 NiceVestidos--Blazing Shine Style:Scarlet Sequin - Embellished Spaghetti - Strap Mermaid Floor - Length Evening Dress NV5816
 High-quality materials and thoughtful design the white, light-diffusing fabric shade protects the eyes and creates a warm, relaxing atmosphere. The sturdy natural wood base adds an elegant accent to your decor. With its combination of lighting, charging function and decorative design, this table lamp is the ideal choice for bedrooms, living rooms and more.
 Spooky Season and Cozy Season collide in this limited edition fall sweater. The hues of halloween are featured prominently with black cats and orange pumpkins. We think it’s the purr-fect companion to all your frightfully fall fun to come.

□ □ □

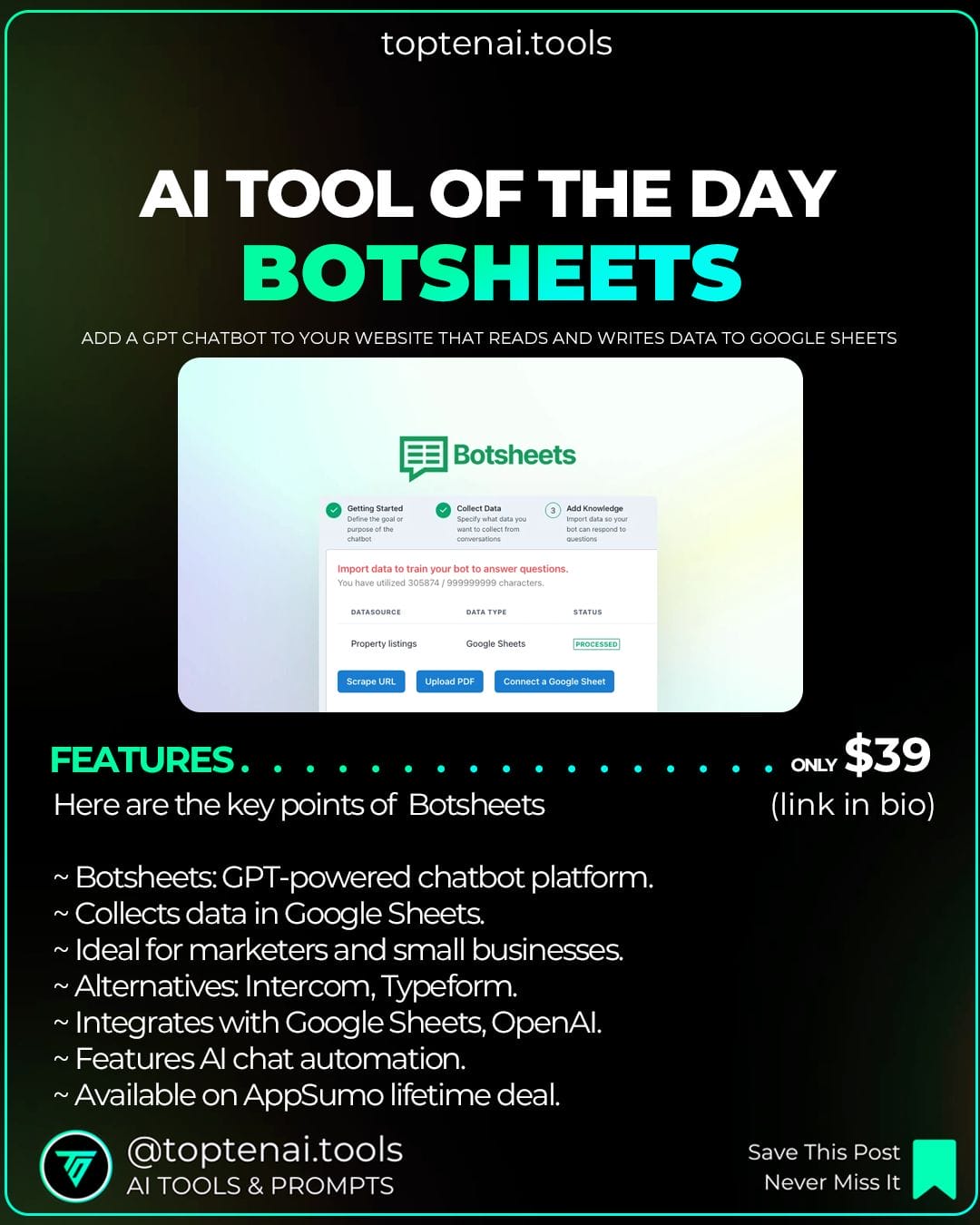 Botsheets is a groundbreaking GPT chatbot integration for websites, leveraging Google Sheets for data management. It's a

□ □ □

> _Required work_:
Read the listing line by line, and copy each line in which the word "this" is found.

> _Expected answer_:
 High-quality materials and thoughtful design the white, light-diffusing fabric shade protects the eyes and creates a warm, relaxing atmosphere. The sturdy natural wood base adds an elegant accent to your decor. With its combination of lighting, charging function and decorative design, this table lamp is the ideal choice for bedrooms, living rooms and more.
 Spooky Season and Cozy Season collide in this limited edition fall sweater. The hues of halloween are featured prominently with black cats and orange pumpkins. We think it’s the purr-fect companion to all your frightfully fall fun to come.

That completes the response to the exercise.